"Noted."
"Fast learner."
"Survivor," I fired back.
He sighed, his smile slowly fading as did the light behind his blue eyes. "It's fifty-fifty."
"What?" I was just popping a piece of cheese into my mouth. Why did the food taste so bland? I was hungry — ravenous — so I didn't care, but it was like eating sandpaper.
"The survival rate, of course." Alex examined his fingernails then clicked his tongue. "Most humans are able to survive it, the strong ones."
"Survive what?" I clenched my teeth together as another chill wracked my body.
"The marking." His eyes narrowed. "It's made easier when your mate actually holds your damn hand through the process." I could have sworn he said ass under his breath, but it was too low to hear.
"He didn't…" I licked my lips and reached for a cracker. "He didn't want to do it though."
"Tough shit," Alex said in a louder voice, repositioning himself on the chair, dangling his legs off the side. "We've all had to make sacrifices for the greater good — this is his."
"Okay…" Feeling full and a bit sick, I put the cracker back on the plate. "And when this marking is all over… when I survive it — and believe me I will—"
Alex grinned, making me all the more irritated that he'd doubted my strength — that any of them would.
"What happens then? I'm Ethan's mate? I live to serve him, then I die? Only if Cassius doesn't ever find me?"
Alex went deathly still. "It's sad… tragic, actually… how little they tell you these days. About us. About the world and about your place in it."

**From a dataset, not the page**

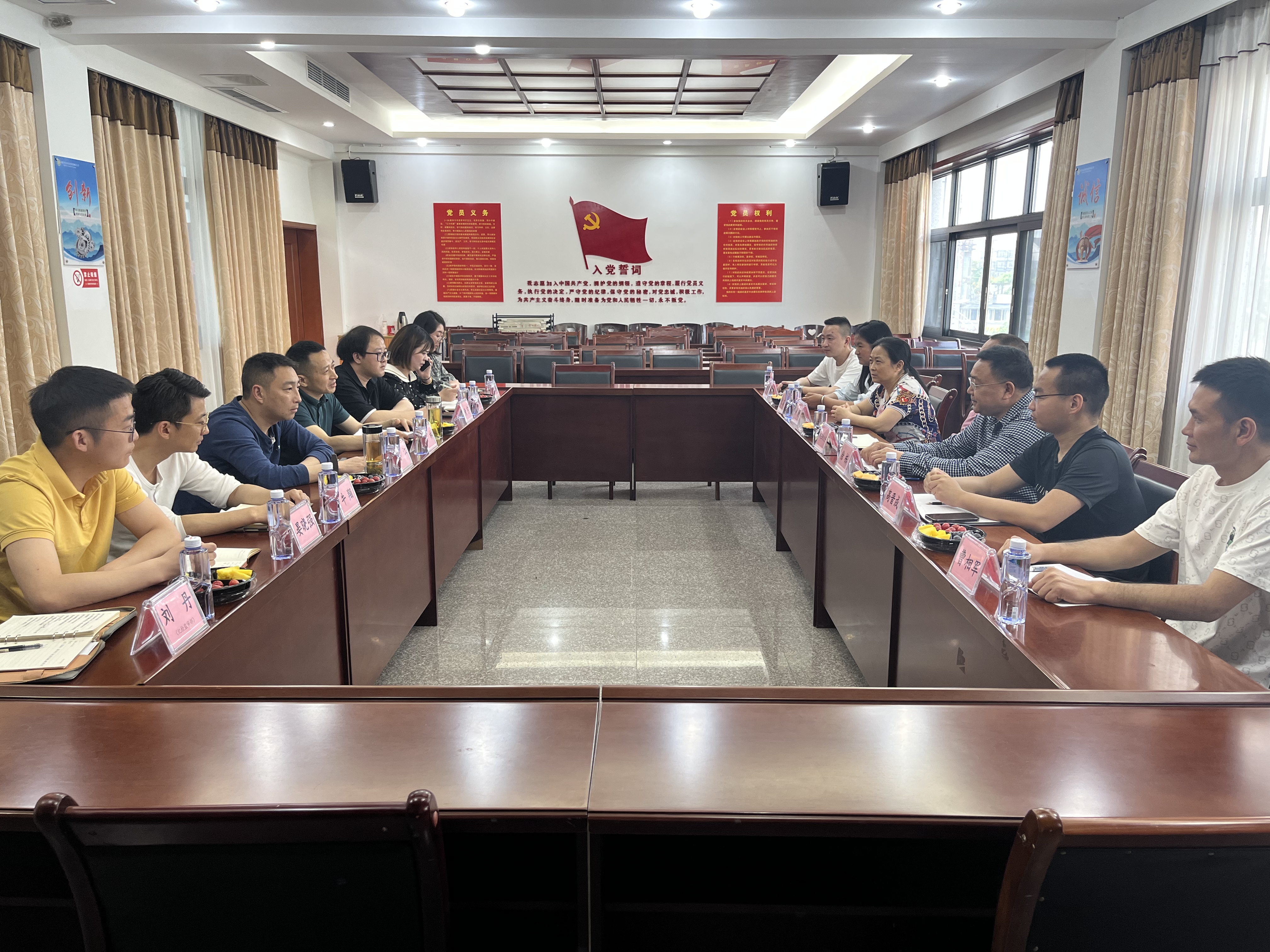 2023年4月18日上午,綿竹市對口幫扶甘洛縣財政局組織甘洛縣自來(lái)水公司、物資公司、糧食收儲公司一行到綿竹市金申集團公司進(jìn)行調研交流。金申集團公司黨委副書(shū)記、總經(jīng)理秦林,黨委副書(shū)記、紀委書(shū)記孫江同志,集團各部室人員參加了此次調研交流會(huì )。此次調研旨在交流學(xué)習國企先進(jìn)的經(jīng)營(yíng)管理經(jīng)驗和做法,有效提升甘洛縣國資公司經(jīng)營(yíng)管理水平。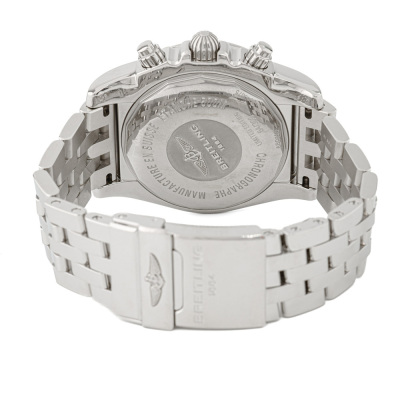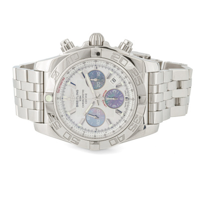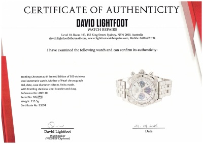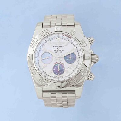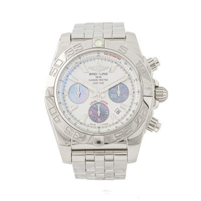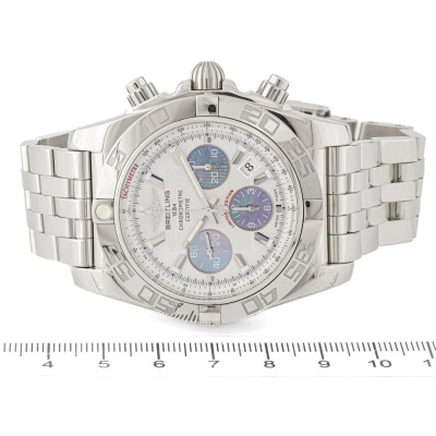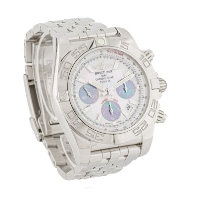 Breitling Chronomat 44 limited Edition of 300 stainless steel automatic mens watch. Mother of Pearl chronograph dial, date, case diameter: 44mm, wrist size: 19cm, Swiss made. Ref# AB0110. With Breitling stainless steel bracelet and clasp. With Certificate of Authenticity, Breitling International Warranty booklet dated 27/05/2011 and Breitling box. 3 month FSA warranty. (Pre-owned)

"So tell me!" I pounded my fist into the pillow next to me, scaring the crap out of myself. I'd always been controlled — it had been bred into me from birth. And I'd just yelled at an immortal like he was a petulant child.
Alex grinned. "I think you'll do just fine, Genesis. Just fine." He chuckled warmly. "Try not to be too hard on us. We've been waiting for a chance to change things for a very long time… and you just may be exactly what we've been waiting for."
"I can't do anything if you don't tell me what I'm supposed to be doing!" Tears threatened, the confusion and fear back full force. "I don't know what to do. Just tell me what I'm supposed to do."
"And that's the problem right there." Alex leaned forward, sadness etched in his every feature. "Your whole life, choices have been taken from you, rather than given to you." He hung his head. "I'll do this once and only once… I'll throw you a bone, isn't that what it's called? Do you a solid? A favor? And give you one goal this evening, one thing to set your small misinformed mind toward."
I waited in anticipation.
"Survive," he said softly. "Just survive. And when the flames threaten to take you higher and higher, give in. When the heat scorches you from the inside out, when tears no longer come, when the need is all you can contemplate… you survive."
He stood and shrugged, as if he hadn't just scared the crap out of me.
"Oh, and also? It would probably be good to call for your mate…" He offered a haphazard shrug. "When it's time."
"When I'm dying?"
"Only when your need is so great for him that you've forgotten yourself completely. That's when you whisper his name. Pray to God he answers — because he still has a choice in this, and if he doesn't choose you, survival will be pointless. You. Will. Die."
A lone tear fell down my cheek before I could wipe it away
Alex reached out and captured it with his thumb. "It's been years since I've seen real tears. I hope you keep yours. I hope the gift of feeling such strong emotions remains — then again — for your sake, at the same time, I hope they don't."
He left me.
Just like that.
With shaky hands, I put the tray on the nearby table and went back to lie on
the bed, freaking out, wondering when the heat was going to come, when the pain would arrive, and when I would be out of my mind for a mate who clearly didn't want me.